GRCC freezes tuition rates for 2021-22

Grand Rapids Community College is taking steps to hold the line on costs in an effort to keep education accessible and affordable for residents as West Michigan emerges from the pandemic.

GRCC trustees approved a budget on June 21 that freezes tuition rates for the 2021-22 academic year.  The $115.4 million budget also waives online class fees for the fall semester and retains single swipe parking fees to help students access classes and services without paying more to park.

“Our world has changed in many ways since most of our students were on campus, and we are working to support them as they face new challenges,” board of trustees Chair David Koetje says. “This budget reflects our commitment to ensuring that students of all ages across West Michigan have access to the quality education they’ll need to move forward.”

State, local programs

The tuition freeze comes at a time when students also have several options to attend with education costs covered by state and local programs.

Michigan Reconnect is available for residents ages 25 and older who have not yet earned a degree. Futures for Frontliners supports students who worked in essential jobs during the spring 2020 pandemic shutdown, and Grand Rapids Promise Zone scholarships are for students graduating from a Grand Rapids high school.

Students not eligible for Michigan Reconnect, Futures for Frontliners, or Promise Zone may still qualify for a Pell grant or for one of the many GRCC-related scholarships available to students.

“We embrace our mission of being the place West Michigan turns to in times of need,” GRCC President Bill Pink says. “This budget demonstrates our focus on our community — students, and also our partners and employers. We are creating more and different opportunities for people so they can find their place in our recovering region.”

Campuses preparing to open

GRCC’s new Lakeshore Campus in Holland Township opens in August, providing greater access to quality programs to Ottawa County residents. Renovation work is nearing completion across the downtown Grand Rapids campus, adding improved classroom and study space and well and better access to services, all focused on helping students enroll, learn, and be successful. 

GRCC leaders have worked to make tuition increases as small as possible to keep education affordable. The tuition freeze follows a 1.7% increase last year, and 0.8% increases in the two prior years.

The in-district tuition rate is $117 per contact hour, and the total cost for a full-time student will be $3,969 for the year. The freeze also applies to all universal fees.

Other helps

The college has other approaches to keep a college education within reach. GRCC has partnerships throughout West Michigan with local school districts and intermediate school districts for Early/Middle College and dual and concurrent enrollment programs.

The Grand Rapids Community College Foundation also works with partners to help with expenses. Last year, the foundation awarded more than $1.2 million in scholarships.

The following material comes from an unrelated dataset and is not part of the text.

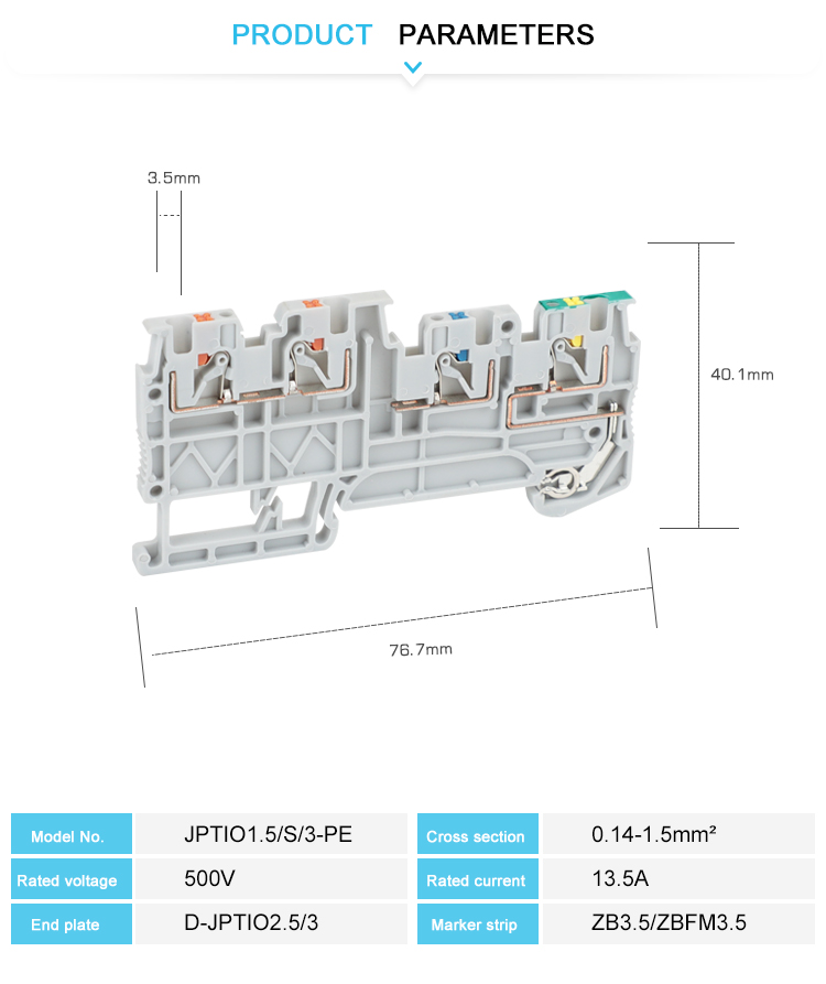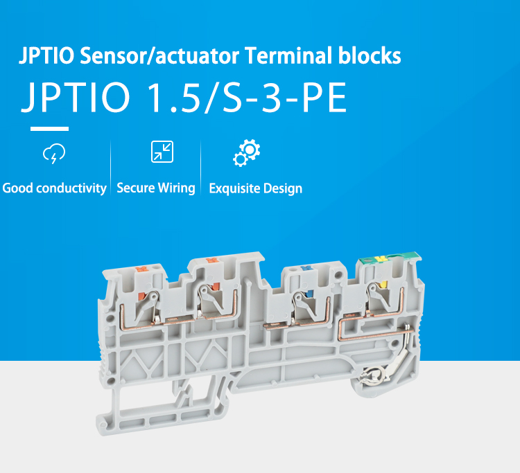 « Bornier » JPTIO1.5/S/3-PE Le « bornier » adopte du nylon ignifuge PA66, un conducteur en laiton et un ressort de compression en acier inoxydable pour garantir la sécurité électrique et la résistance mécanique dans des conditions de travail difficiles.

Waiving online course fees for the fall semester will save students $16 per contact hour, or about $50 for a three-credit class. Students would still be responsible for tuition and other universal fees.

Parking fee changes

GRCC also is changing its parking fee structure, allowing students to pay once a day, making it easier for them to get to classes and services at the college’s two downtown campuses.

Students can use their RaiderCard to swipe into a lot and pay $3.50, then have unlimited access to parking lots on the Main Campus and DeVos Campus for the remainder of the day. Previously, students were charged $3.50 each time they exited a lot.

The move is intended to save students money at a time when many face financial challenges related to the coronavirus crisis, and prevent parking costs from being a factor in their decision to take a class or access programs.

It also recognizes that students often attend classes, leave campus for home or work responsibilities, and then return. The move also makes it easier for them to access classes and support services on both downtown campuses.